Input material:
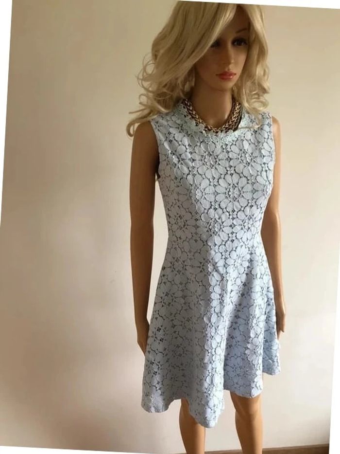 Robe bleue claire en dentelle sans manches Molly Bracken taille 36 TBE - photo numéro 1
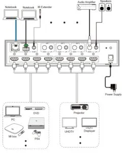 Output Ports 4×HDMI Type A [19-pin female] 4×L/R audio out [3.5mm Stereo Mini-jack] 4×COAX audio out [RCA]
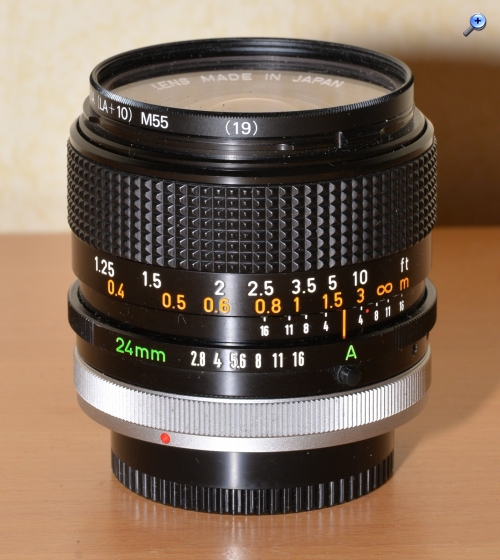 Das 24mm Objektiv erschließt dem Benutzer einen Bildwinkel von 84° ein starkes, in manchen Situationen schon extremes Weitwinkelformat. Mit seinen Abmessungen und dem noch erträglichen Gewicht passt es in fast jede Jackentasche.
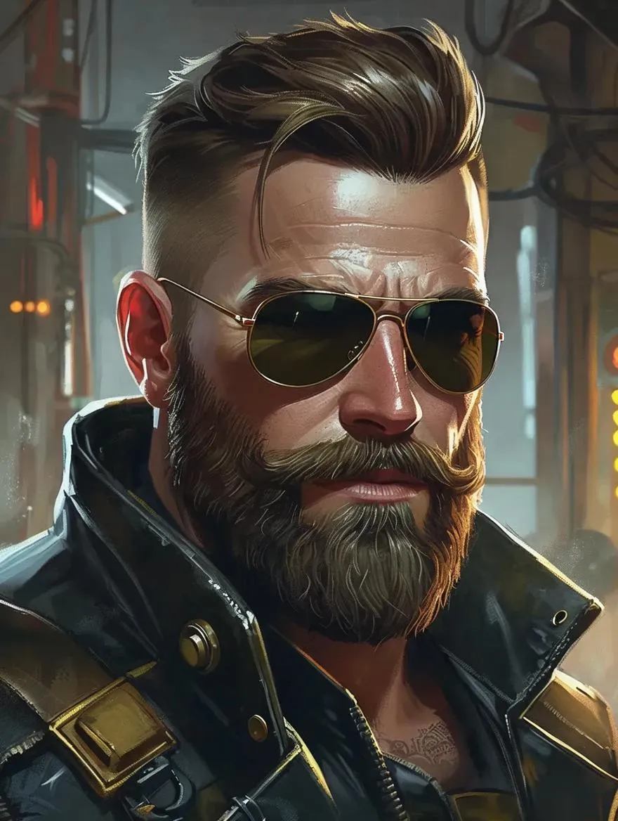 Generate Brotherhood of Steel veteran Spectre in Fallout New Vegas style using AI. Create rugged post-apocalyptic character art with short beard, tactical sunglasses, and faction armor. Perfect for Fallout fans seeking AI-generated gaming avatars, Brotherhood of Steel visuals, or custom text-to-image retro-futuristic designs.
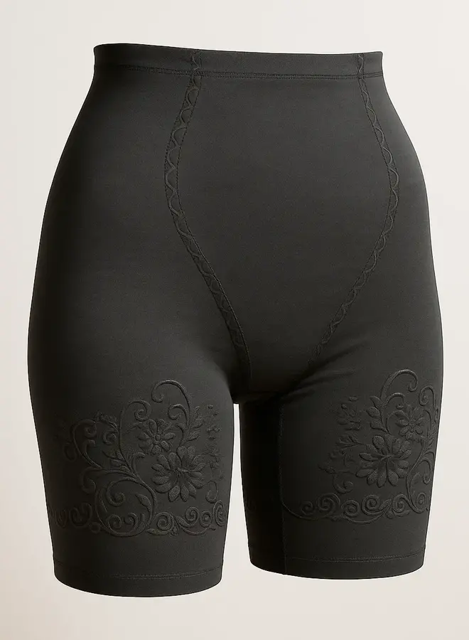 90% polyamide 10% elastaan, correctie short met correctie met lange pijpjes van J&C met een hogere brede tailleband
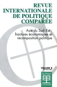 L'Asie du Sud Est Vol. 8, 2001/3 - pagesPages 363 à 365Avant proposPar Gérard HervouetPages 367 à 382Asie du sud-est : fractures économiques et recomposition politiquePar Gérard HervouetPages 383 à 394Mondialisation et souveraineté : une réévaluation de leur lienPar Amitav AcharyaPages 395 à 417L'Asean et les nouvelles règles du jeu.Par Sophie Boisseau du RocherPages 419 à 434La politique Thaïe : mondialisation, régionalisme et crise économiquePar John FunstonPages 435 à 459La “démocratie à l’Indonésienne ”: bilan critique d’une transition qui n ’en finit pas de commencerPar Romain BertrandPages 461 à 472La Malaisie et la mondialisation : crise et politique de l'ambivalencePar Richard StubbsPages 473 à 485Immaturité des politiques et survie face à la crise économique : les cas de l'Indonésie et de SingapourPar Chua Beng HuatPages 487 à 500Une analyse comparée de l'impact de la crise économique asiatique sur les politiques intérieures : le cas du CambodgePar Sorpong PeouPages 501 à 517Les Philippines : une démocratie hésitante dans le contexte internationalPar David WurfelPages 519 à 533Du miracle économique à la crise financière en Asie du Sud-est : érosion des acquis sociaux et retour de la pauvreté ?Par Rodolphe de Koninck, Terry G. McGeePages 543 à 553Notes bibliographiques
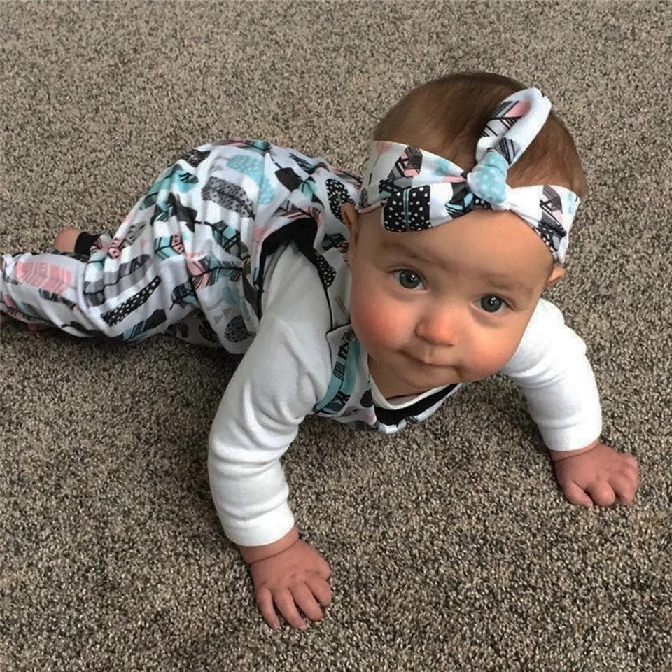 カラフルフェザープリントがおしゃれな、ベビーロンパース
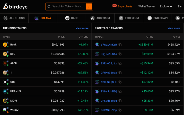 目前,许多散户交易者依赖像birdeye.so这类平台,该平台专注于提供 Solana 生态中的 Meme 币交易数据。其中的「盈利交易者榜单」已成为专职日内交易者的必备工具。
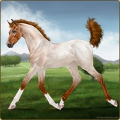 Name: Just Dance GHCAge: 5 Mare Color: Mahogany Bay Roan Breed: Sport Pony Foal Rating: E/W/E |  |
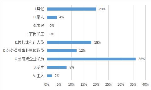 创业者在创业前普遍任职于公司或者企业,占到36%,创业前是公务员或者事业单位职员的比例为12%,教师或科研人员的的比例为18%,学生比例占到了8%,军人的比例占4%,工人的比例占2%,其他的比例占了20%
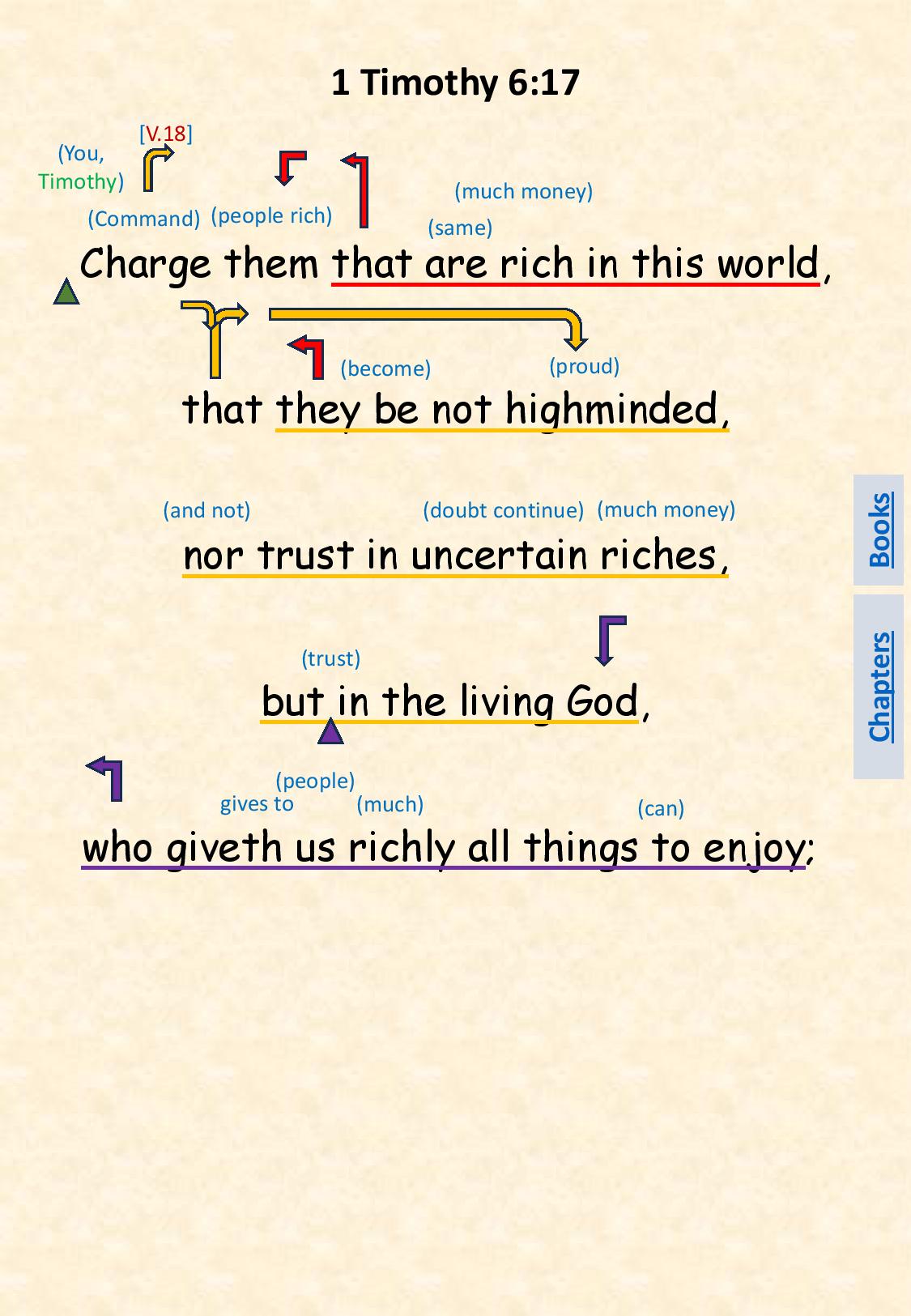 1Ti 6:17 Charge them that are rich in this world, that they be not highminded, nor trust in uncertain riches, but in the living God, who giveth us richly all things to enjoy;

---

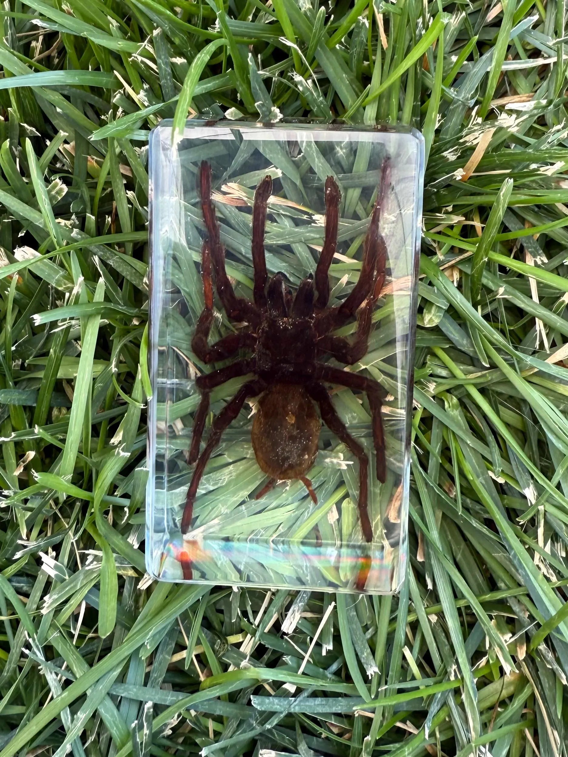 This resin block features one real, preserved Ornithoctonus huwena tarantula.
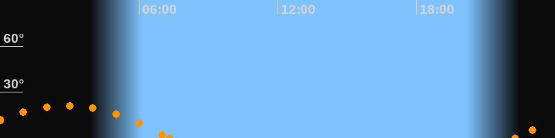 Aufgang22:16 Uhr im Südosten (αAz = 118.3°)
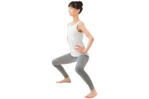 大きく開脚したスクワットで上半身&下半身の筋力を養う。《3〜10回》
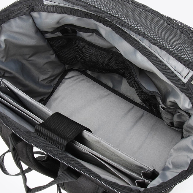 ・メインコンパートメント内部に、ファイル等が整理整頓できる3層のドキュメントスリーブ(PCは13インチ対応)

Problem statement: Repeat exactly, and only, the entries from the line with "Robe bleue claire" through the line with "90% polyamide 10%". Pictures are skipped.

Solution to the exercise:
 Robe bleue claire en dentelle sans manches Molly Bracken taille 36 TBE - photo numéro 1
 Output Ports 4×HDMI Type A [19-pin female] 4×L/R audio out [3.5mm Stereo Mini-jack] 4×COAX audio out [RCA]
 Das 24mm Objektiv erschließt dem Benutzer einen Bildwinkel von 84° ein starkes, in manchen Situationen schon extremes Weitwinkelformat. Mit seinen Abmessungen und dem noch erträglichen Gewicht passt es in fast jede Jackentasche.
 Generate Brotherhood of Steel veteran Spectre in Fallout New Vegas style using AI. Create rugged post-apocalyptic character art with short beard, tactical sunglasses, and faction armor. Perfect for Fallout fans seeking AI-generated gaming avatars, Brotherhood of Steel visuals, or custom text-to-image retro-futuristic designs.
 90% polyamide 10% elastaan, correctie short met correctie met lange pijpjes van J&C met een hogere brede tailleband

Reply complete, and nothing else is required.